Caractérisation des mutations étalées
Les scientifiques ont identifié les caractéristiques des mutations qui peuvent prédire l’émergence de variantes virales potentielles. En se concentrant spécifiquement sur le domaine de liaison au récepteur de pointe (RBD), ils ont identifié que l’affinité de liaison de l’enzyme de conversion de l’angiotensine 2 (ACE2) et l’affinité de liaison épitope-anticorps pourraient potentiellement prédire la propagation mutationnelle.
Contrairement aux caractéristiques biologiques, les caractéristiques épidémiologiques, y compris le « score de l’indice de performance environnementale (EPI) » ont montré la capacité prédictive la plus élevée. En analysant l’expansion de la lignée et les mutations récurrentes à l’aide de la métrique EPI, les scientifiques ont indiqué que l’aptitude virale est améliorée par une mutation spécifique.

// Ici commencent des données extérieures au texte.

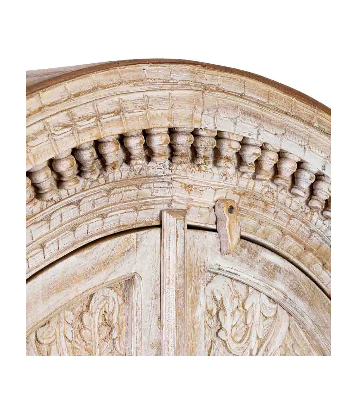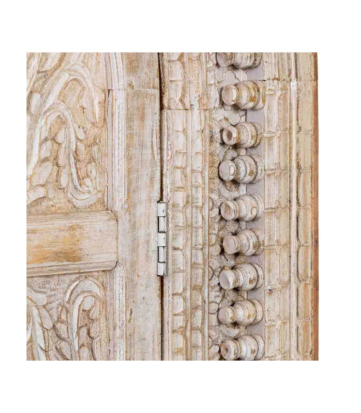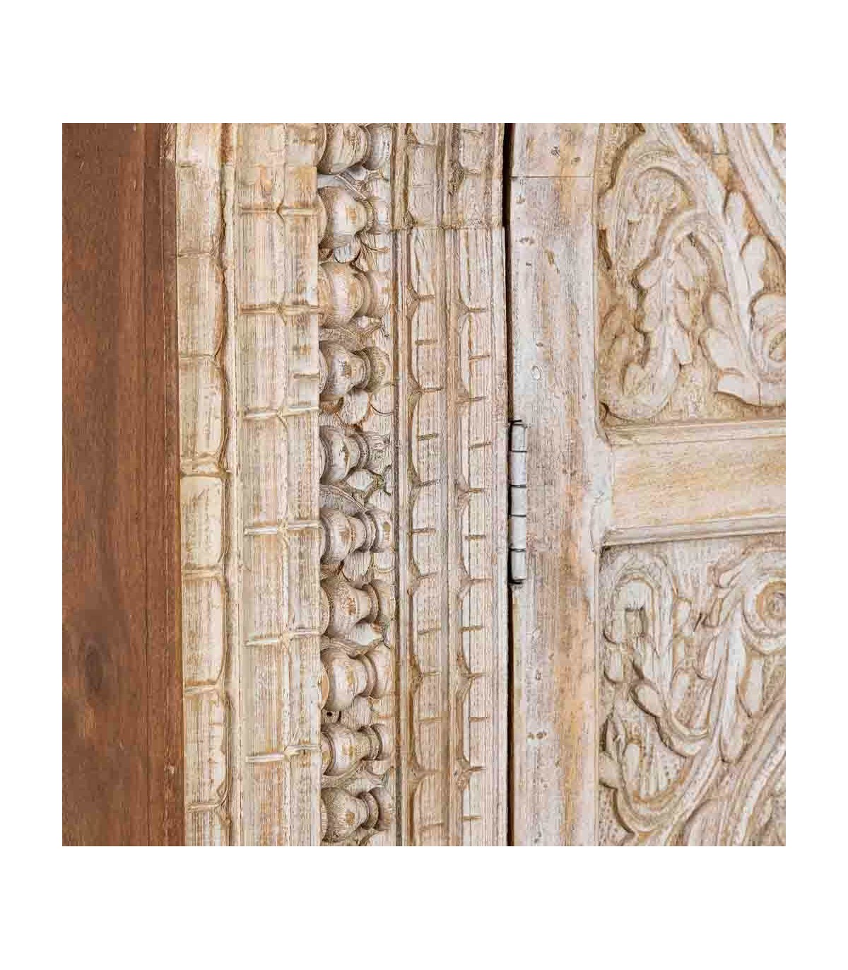 El armario alacena de dos puertas destaca por su imponente presencia y por el valor artesanal de sus tallas, aportando un aire exótico y singular al hogar. La estructura en madera maciza de mango combina acabados en blanco roto rozado y nogal, que realzan el contraste entre lo luminoso y lo cálido.

Dans l’ensemble, en analysant un panel de différentes caractéristiques biologiques et épidémiologiques des mutations d’acides aminés, ils ont conclu que la prédiction la plus efficace de la propagation mutationnelle pouvait être faite à partir de l’immunité, de la transmissibilité, de l’évolution, du modèle de langage et des caractéristiques épidémiologiques.
Émergence de variantes virales
En analysant la dynamique mondiale et régionale des mutations, les scientifiques ont observé que les métriques épidémiologiques mondiales sont meilleures que les métriques au niveau de l’État pour prédire la propagation des mutations au niveau de l’État.
Surtout, en utilisant le modèle de prévision, ils ont prédit avec succès les mutations potentielles liées aux COV pendant plus de 5 mois avant d’atteindre une fréquence globale de 1%.
Prédiction de la propagation mutationnelle
En utilisant des mesures globales sur les données actuelles, les scientifiques ont préparé un panel de 22 mutations prévues qui pourraient potentiellement contribuer aux COV du SARS-CoV-2 au cours des prochains mois. Ils ont observé que les mutations les plus prévues sont associées à une augmentation constante de la fréquence au niveau mondial. De plus, ils ont identifié que certaines de ces mutations interfèrent avec la capacité de liaison des anticorps cliniques.
Ces mutations prévues ne sont pas présentes dans les variantes virales actuellement en circulation, telles que B.1.1.7, B.1.351, P.1 ou B.1.427/B.1.429. Sur la base de la prédiction, les scientifiques suggèrent que pour une meilleure gestion de la pandémie, une éventuelle contribution des principales mutations prévues à l’infectivité virale ou à la capacité d’évasion immunitaire devrait être analysée en priorité.
*Avis important
medRxiv publie des rapports scientifiques préliminaires qui ne sont pas évalués par des pairs et, par conséquent, ne doivent pas être considérés comme concluants, orienter la pratique clinique/le comportement lié à la santé, ou traités comme des informations établies.